| WORK INSTRUCTION |
An exact restatement of the data is required, with the images omitted.

| DATA BELOW |
# # #

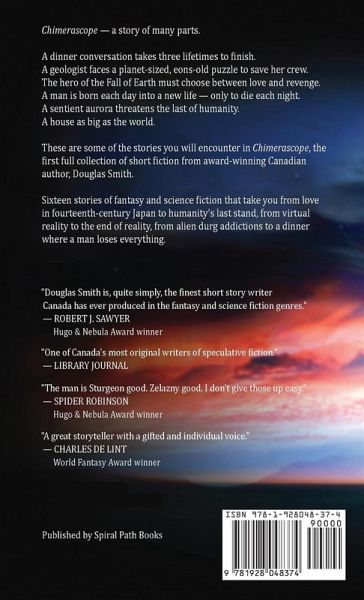 Sunburst Award Finalist Aurora Award Finalist CBC Bookies Award Finalist Chimerascope [ki-meer-uh-skohp]-a story of many parts... A young artist hungers to draw you. A dinner conversation takes three lifetimes to finish. A geologist faces a planet-sized, eons-old puzzle to save her crew. The hero of the Fall of Earth must choose between love and revenge. A mysterious dancer leads a businessman to a most exclusive nightclub. A man is born each day into a new life-only to die each night. A sentient aurora threatens the last of humanity. A Norse god's bar in Toronto hosts an unplanned family reunion. A woman descends into insanity-or is it the end of the world? A house as big as the world. Chimerascope is the first full collection of short fiction from multi-award winning author Douglas Smith, containing sixteen of his best stories, including an award winner, a Best New Horror selection, and eight award finalists. Sixteen stories of fantasy and science fiction that take you from love in fourteenth-century Japan to humanity's last stand, from virtual reality to the end of reality, from alien drug addictions to a dinner where a man loses everything. Chimerascope includes the following stories: Scream Angel The Red Bird By Her Hand, She Draws You Down New Year's Eve Out of the Light State of Disorder The Boys Are Back in Town Symphony Enlightenment Nothing Jigsaw Going Harvey in the Big House The Last Ride The Dancer at the Red Door A Taste Sweet and Salty Memories of the Dead Man
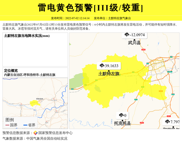 土默特左旗气象台2022年07月02日12时13分发布雷电黄色预警信号:6小时内土默特左旗将发生雷电活动,并可能伴有短时强降水、雷暴大风、冰雹等强对流天气,请有关单位和人员做好防范准备。 信息来源:国家预警信息发布中心; 发布单位:土默特左旗气象台。
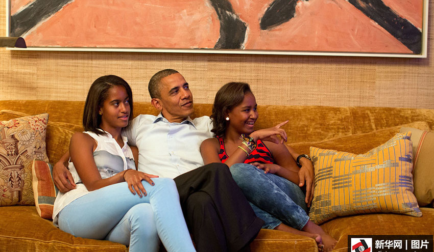 O presidente dos EUA, Barack Obama, acompanha suas duas filhas a assistirem TV. (4 de setembro, 2012)

# # #

| ANSWER SECTION |
 Sunburst Award Finalist Aurora Award Finalist CBC Bookies Award Finalist Chimerascope [ki-meer-uh-skohp]-a story of many parts... A young artist hungers to draw you. A dinner conversation takes three lifetimes to finish. A geologist faces a planet-sized, eons-old puzzle to save her crew. The hero of the Fall of Earth must choose between love and revenge. A mysterious dancer leads a businessman to a most exclusive nightclub. A man is born each day into a new life-only to die each night. A sentient aurora threatens the last of humanity. A Norse god's bar in Toronto hosts an unplanned family reunion. A woman descends into insanity-or is it the end of the world? A house as big as the world. Chimerascope is the first full collection of short fiction from multi-award winning author Douglas Smith, containing sixteen of his best stories, including an award winner, a Best New Horror selection, and eight award finalists. Sixteen stories of fantasy and science fiction that take you from love in fourteenth-century Japan to humanity's last stand, from virtual reality to the end of reality, from alien drug addictions to a dinner where a man loses everything. Chimerascope includes the following stories: Scream Angel The Red Bird By Her Hand, She Draws You Down New Year's Eve Out of the Light State of Disorder The Boys Are Back in Town Symphony Enlightenment Nothing Jigsaw Going Harvey in the Big House The Last Ride The Dancer at the Red Door A Taste Sweet and Salty Memories of the Dead Man
 土默特左旗气象台2022年07月02日12时13分发布雷电黄色预警信号:6小时内土默特左旗将发生雷电活动,并可能伴有短时强降水、雷暴大风、冰雹等强对流天气,请有关单位和人员做好防范准备。 信息来源:国家预警信息发布中心; 发布单位:土默特左旗气象台。
 O presidente dos EUA, Barack Obama, acompanha suas duas filhas a assistirem TV. (4 de setembro, 2012)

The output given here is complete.